11. Industrial Property Rights and Copyrights
If a product is manufactured by the contractor on the basis of design information, drawings, models or other specifications of the contractor, the customer shall indemnify and hold it harmless in the event of any infringement of property rights. Execution documents such. B. Plans, sketches and other technical documents remain as well as samples, catalogs, brochures, illustrations u. Like. Always intellectual property of the contractor and are subject to the relevant legal provisions regarding duplication, imitation, competition, etc. Plans, sketches and other documents left to the client remain the property of the author and are to be postponed on request. They may not be shared.
12. Right of withdrawal of the client
The client can only, if he is a consumer within the meaning of the Consumer Protection Act, withdraw until the conclusion of the contract or thereafter within 1 week from the execution of the terms and conditions. However, this does not apply if he has initiated the business relationship himself or if the conclusion of the contract was preceded by no discussions. Any other withdrawal is only possible under special conditions and with the written consent of the contractor. For damage claims of the client, which are based on the defectiveness of the thing itself (compensation claims for consequential damages are expressly excluded), § 1298 ABGB is abolished.
13. Written form
The client has to announce changes to his delivery / invoice / contact address as well as his personal data (eg name change), which he has indicated to the contractor in the course of his order, as long as the contractual transaction is not mutually fulfilled. If this notification is omitted by the client, declarations and documents shall be deemed to have been received even if they have been sent to his last known address / data.
Personal data of the client are only processed and stored to the extent that this is necessary in the context of the business relationship for the purpose of communication. These data will not be passed on to third parties without the consent of the client unless this is absolutely necessary for the fulfillment of the contract. If legal obligations exist, the data of the client will also be forwarded to public authorities and institutions (eg tax authorities, insurance companies, etc.). At the request of the client, it is communicated whether and which personal data has been stored. The customer has the right to information, correction, deletion, restriction, data portability, revocation and opposition of stored data (within the framework of data protection law).

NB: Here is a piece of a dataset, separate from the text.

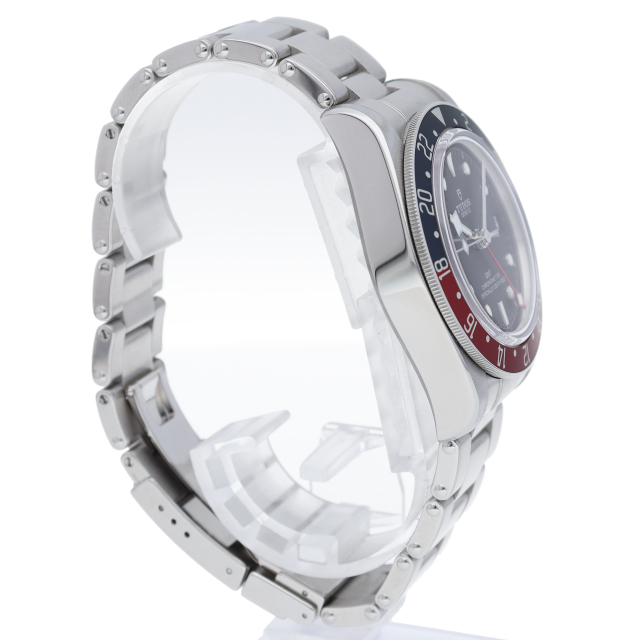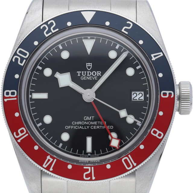 チュードルを代表するスポーツモデル「ブラックベイ」のGMT搭載モデル。ベゼルは昼夜がわかる様「ブルー/レッド」の2トーンの通称ペプシカラーとなっています。過去のダイバーズウォッチからインスピレーションを得た四角い針はGMT針にも付いています。自社製GMTムーブメント「MT5652」を搭載。70時間のパワーリザーブを誇り、クロノメーター認定を受けたムーブメントです。

Insofar as no special agreements have been made by these terms of payment and delivery, the provisions of the ABGB and the HGB shall apply. If these terms of payment and delivery in individual points contradict the statutory provisions, the remaining agreements shall be deemed to be continuing. The ineffective provision shall be replaced by an effective one, which enables the economic purpose pursued with it. Should one or more clauses of the GTC be or become invalid, then the provision comes closest to the sense.